The subset generation step includes, for each input symbol related to the transition included in the non-deterministic automaton, a sum of the number of transitions related to the input symbol and the number of states included in the non-deterministic automaton. A value obtained by dividing the number of transition source states of the transition relating to the symbol by the sum of the number of states included in the non-deterministic automaton is calculated, and an input symbol to be extracted is selected according to the calculated value. The determinizing method for an automaton according to claim 6.

A weighted finite state transducer determinating method executed by an automaton determinator for determinizing a nondeterministic finite state transducer with respect to a weighted finite state transducer used in a speech recognition device,
The automaton determinator comprises a storage means,
A partial determinizing step for determinizing a part of transitions selected as determinizing targets among the transitions included in the non-deterministic finite state transducer by a partial determinizing unit;
By the name changing means, the names of the determinized states made up of any state included in the non-deterministic finite state transducer stored in the storage means by the determinization or a combination of a set including the states are different from each other. A name change process to be replaced with one name;
A repeating step of repeatedly performing the partial determinizing step until determinizing is performed for all transitions included in the non-deterministic finite state transducer by a repeating means;
Including
In the partial determinizing step, the transition or combination of transitions selected as the determinizing target is made different for each repetition in the repeating step.

An automaton determinator for determining a nondeterministic automaton with respect to a finite state automaton or an automaton obtained by extending the finite state automaton,
Of the transitions included in the non-deterministic automaton, a partial determinizing unit that performs determinization on a part of transitions selected as determinization targets;
Storage means for storing a determinized state formed by a combination of any state included in the non-deterministic automaton generated by the determinization;
Name changing means for changing the name of the finalized state to a different single name;
Repeating means for repeatedly executing the partial determinizing step until determinization is performed for all transitions included in the non-deterministic automaton;
With
The automaton determinizing apparatus characterized in that the partial determinizing unit changes a transition or a set of transitions to be selected as the determinizing target for each repetition in the repetition step.

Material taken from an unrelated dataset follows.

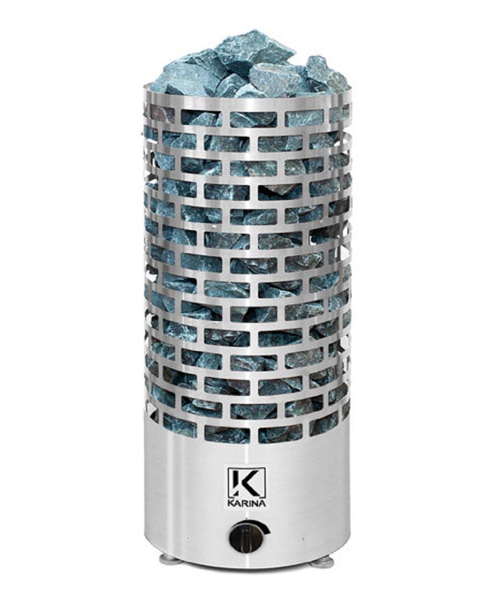 Электрическая печь KARINA Nova 8 сможет стать украшением любой сауны, благодаря стильному и интересному дизайну и цилиндрической форме. Печь устанавливается на пол, занимает немного места, и имеет приятную особенность – конструкция дает свободный доступ для полива камней, что позволяет регулировать насыщенностью пара. Любители русских парных поймут – камни снимают жар с раскаленных ТЭНов, не сжигая при этом кислород, а всесторонний доступ к камням помогает выбрать оптимальную влажность воздуха в парилке и интенсивность пара в помещении. В качестве материала для корпуса использована высококачественная нержавеющая сталь. Отсек вмещает до 90 кг камней. Объем печи оптимален для парильных помещений до 11 куб. м. Электрическую печь можно подключать как к сети 220В, так и к 380В. С помощью встроенного пульта можно управлять температурой нагрева воздуха прямо в парной. Любители русской бани оценят электропечь KARINA Nova 8 за внешний вид, и мягкий легкий пар, без которого невозможны полезные и приятные банные процедуры.

Regarding a finite state automaton or an automaton that is an extension of the finite state automaton, a non-deterministic automaton is determined, and a computer having storage means that functions as a work area at the time of the determination
Of the transitions included in the non-deterministic automaton, a partial determinizing function that performs determinization on some transitions selected as determinizing targets;
A name changing step of replacing the name of the determinized state consisting of any combination of states included in the non-deterministic automaton stored in the storage means by the determinizing method with a different single name;
A repeat function that repeats the partial determinization step until determinization is performed for all transitions included in the non-deterministic automaton;
Realized,
The automaton determinizing program characterized in that the partial determinizing function changes a transition or a set of transitions selected as the determinizing object for each repetition by the repetitive function.